I'm in the process of making what I hope will become beer. Right now it's sitting in a tub in a closet. Five gallons of liquid that should be drinkable in a few weeks. If not, at least we'll have a lot of it.
It gives me a new appreciation for professional brewers.
* * *
False start, let's try something else. I don't even know what, we're just trying to fill the quota here. Literally nothing of interest happened yesterday. I watched a documentary about a bicycle race, continued watching Bob's Burgers, and made progress on H.G. Wells' War of the Worlds.

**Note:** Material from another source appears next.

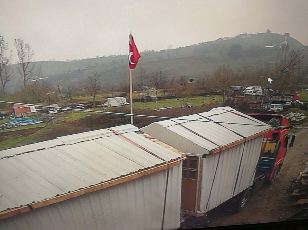 Zonguldak'ın Alaplı'da depremzedelerin barınma sorununa katkı sağlaması için muhtarlar tarafından hayata geçirilen proje çerçevesinde 8 günde gece gündüz çalışılarak üretilen 2 parçadan oluşan ahşap prefabrik ev Kahramanmaraş Elbistan ilçesine götürmek üzere yola çıktı.

I walked to a Japanese market on Convoy to pick up some sushi and chicken karaage for lunch, listened to a few podcasts, and fell asleep in a chair in the backyard.

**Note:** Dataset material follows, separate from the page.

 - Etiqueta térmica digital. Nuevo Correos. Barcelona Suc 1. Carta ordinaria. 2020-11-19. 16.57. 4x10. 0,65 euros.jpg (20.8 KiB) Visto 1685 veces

Face it, I'm the least interesting man in the world.
* * *
Which brings us back to beer. Or advertising. Here's a question: Why is it that the shittiest products have the funniest commercials? I've often found myself laughing my ass off at a pitch for what looks like the most disgusting hamburger in the world, thinking a) that's hilarious and b) I don't ever want to use their restroom, let alone eat their food.
* * *
Still short of the quota. Hopelessly stuck. Need words... need... words. Dying out here.

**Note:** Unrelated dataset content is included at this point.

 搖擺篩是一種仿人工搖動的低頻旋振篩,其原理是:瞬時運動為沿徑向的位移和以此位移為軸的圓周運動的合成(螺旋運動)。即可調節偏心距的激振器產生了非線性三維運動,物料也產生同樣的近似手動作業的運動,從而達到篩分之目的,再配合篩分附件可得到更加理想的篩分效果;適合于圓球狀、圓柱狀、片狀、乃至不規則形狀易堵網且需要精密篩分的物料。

This is the part where I'm grateful that nobody reads my practice sessions. Read the finished product, not the process, which is nastier than those hamburgers in the hilarious commercial.
Hamburgers. Sausage. How is the sausage made? Seems like there's a joke here, but maybe not.
* * *
That's the thing with beer. You make it, stash it away for a while, and hope it turns into something good. Just like writing.